Newsletter Swap Events
No, we don’t mean share your newsletter. Never ever do this. It’s bad business practice and people will unsubscribe the moment they realize you sold or shared their information. There are companies that exist solely to help authors build their mailing lists. What they do is, they choose a genre to “host” for a month.

Authors sign up as interested authors, and pay the fee for hosting. Once enough authors sign up to a particular event, each author shares the giveaway link to their own newsletter. Interested readers sign up for the giveaway, acknowledging that they understand they’re giving all participating authors their email. If you happen to be in a popular genre, this can net anywhere from 30 to 5,000 newsletter sign-ups.

Social Blitzes
Met some great authors? Share their links. Tag them. Let them know you’ve done something to broaden their reach. When you post yours, these authors are likely to remember you’d done something nice for them, and be more willing to share out your links in return. Get a few authors together, and create a far reaching social blitz that helps the authors participating by sharing far beyond their normal fans. Run a newsletter contest together, where readers have to sign up to all newsletters to win a prize that all authors contributed to. This is a great way to reach more potential readers.

Event Forms
Print out a sheet for newsletter sign-ups if you plan on going to any author events. Interested people can add their email to the list, which you can then import into your mailing list provider once you’re home. Another option is to have a second laptop, if the location you’re at has WiFi for the authors to use. Set it to your online form, and let people sign up at your booth. Be sure to give them a business card or small swag item, that way when they get home and get your first email, they’ll remember you instead of clicking unsubscribe right away. Bonus, somewhere on your business card, put “Be sure to sign up for news, giveaways, and more!” or something of that nature. Remind them you’ve got one!

Free Books
This is a staple of newsletter marketing. However, if you don’t have a large backlist, putting up one for free can physically hurt. Consider offering up a few shorter stories instead. Write an epilogue, added scene, or a look at a secondary character. Give readers a reason to sign up to see more of your work, and they usually will.

Call To Action Buttons
Facebook allows you to add a “call to action” button to the top of your fan page. Use this to link to your sign-up form, and new visitors to your page will be prompted to sign up for your newsletter. It’s unobtrusive, but it does help with reminding readers to click if they’d like to keep in contact with you. As we said, it takes seeing things a few times to peak interest, so seeing a link and then a sign-up button can gain you more subscribers than a link alone.

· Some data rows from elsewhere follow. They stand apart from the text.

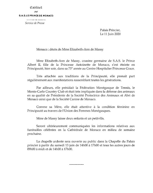 Yesterday, 11 June, the Prince’s Palace of Monaco announced the death of Elisabeth-Anne de Massy, who passed away on Wednesday, 10 June, at the Princess Grace Hospital Centre in Monte Carlo. She was seventy-two years-old.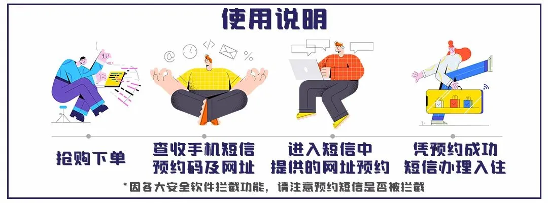 ③ 抢购流程:立即抢购--收到预约短信--通过预约短信预约日期以及补差(以收到的短信为准,收到即预约成功)--办理入住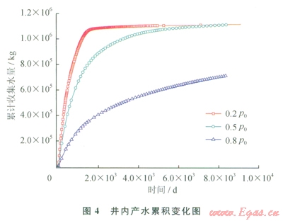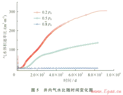 從上述研究成果町以得出,在0.2p0條件下,水合物藏中水合物全部分解,井內(nèi)收集到3.4×105m3的氣體。圖4為0.2p0、42℃,0.5p0、42℃,0.8p0、42℃這3種條件下,井內(nèi)收集水的累積變化圖。從圖4中可以看出,產(chǎn)水集中在開采前期1500d,后期產(chǎn)水速率小。在0.5p0、42℃,0.8p0、42℃條件下,也有較大量的水被收集,表明也有較大量的水合物被分解了。圖5為整個(gè)開采過(guò)程中3種條件下,井內(nèi)氣水比隨時(shí)間的變化圖。從圖5可以看出,0.2p0、42℃條件下,氣水比一直在增加,最大值達(dá)到304;而0.5p0、42℃條件下,氣水比增加緩慢,最大達(dá)到136;0.8p0、42℃條件下氣水體積比一直接近0,開采后期也沒有改善。可以看出,在井內(nèi)壓力高時(shí),井和物藏間的壓差不夠大,整個(gè)開采過(guò)程,分解后的自由氣并沒有大量流人開采井內(nèi)。可見減壓驅(qū)動(dòng)力對(duì)于分解后自由氣在井內(nèi)的收集非常重要。物藏和井之間壓差太小,自由氣一直留在物藏內(nèi),無(wú)法在井內(nèi)被收集。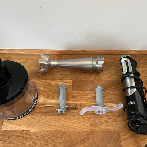 Braun stavblender i hvid og blå farve. Kompakt design med et ergonomisk greb og ledning til strømforsyning. Velegnet til blendning af fødevarer i køkkenet.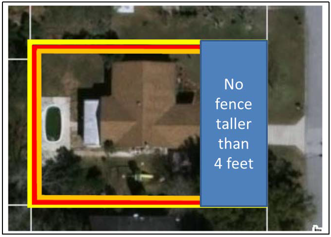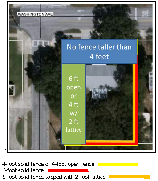 • In a secondary street setback, open fencing may be 6-feet high, but opaque fencing shall be limited to a height of 4-feet; 4-foot opaque fences in secondary street setbacks may be topped with additional 2-feet of open or lattice type fencing.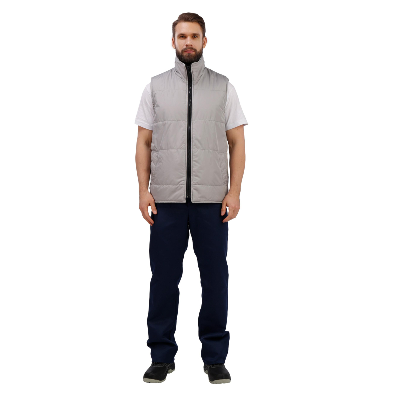 Жилет утепленный Комфорт+ (размер 60-62, рост 170-176) серый с центральной застежкой на молнию и с двумя прорезными карманами. Нижние концы борта закругленные. Подходит для работ в прохладных помещениях или на улице, с ограничением от +5 до +7 градусов Цельсия. Жилет универсален, он может быть использован в качестве униформы для женщин и для мужчин. Ткань: 100% полиэфир. Плотность ткани: 100 г/кв.м. Жилет утеплен синтепоном, 2 слоя по 100 г/кв.м. Ткань подкладки: 100% полиэстер. Защищает от общих производственных загрязнений.В коллекции утепленных жилетов Комфорт представлены удлиненные модели Комфорт+ в васильковом, красном и сером цветах и укороченная модель Комфорт в васильковом цвете.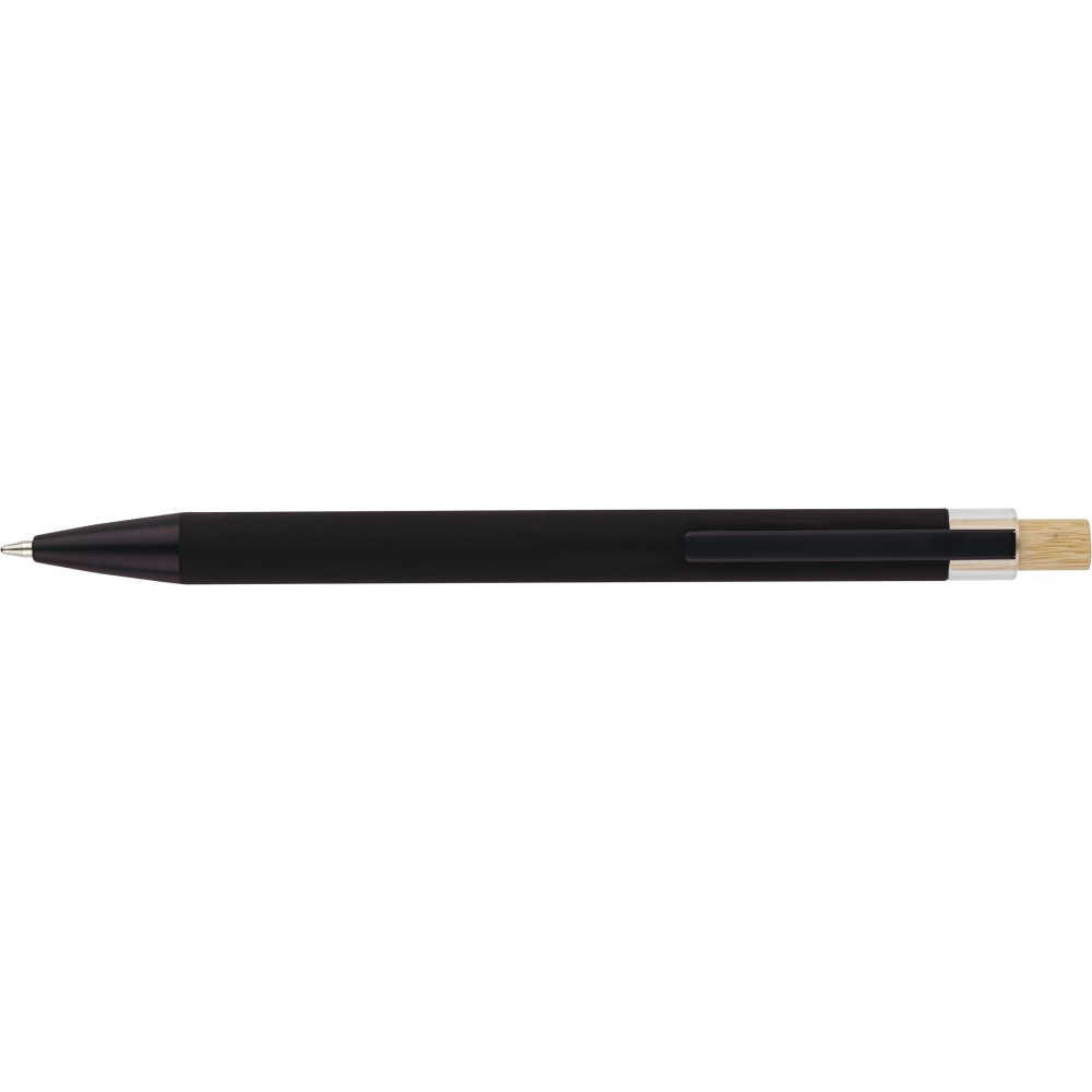 Újrahasznosított alumíniumból készült golyóstoll bambusz nyomógombbal és AS műanyag díszítéssel, fém klippel és a toll színével harmonizáló műanyag tollheggyel. A tolltesten lézergravírozott recycled (újrahasznosított) alapanyagra utaló logó található. Megközelítőleg 800 méter íráshosszúságú, kék színű tollbetéttel.

Once you have subscribers, you need to keep them. Don’t spam. Send emails when you have new releases, when you’re pimping out a giveaway, when you’re working on something new. Don’t sweat the unsubscribes. They happen to everyone and there is no rhyme or reason to it. Sometimes people forget they gave you their email. Or, more likely, they signed up for a giveaway and unsubscribed after. We can’t force people to remain on our mailing lists, but we can entice them with regular giveaways and interesting, insightful emails.

Once you’ve developed a healthy list, stop offering giveaways for your newsletter. Instead, start offering subscriber ONLY giveaways. That way, the people already on your list will stay, and more people will join and stay, knowing that you regularly offer subscribers a special contest or extra ‘goodie’ just for them.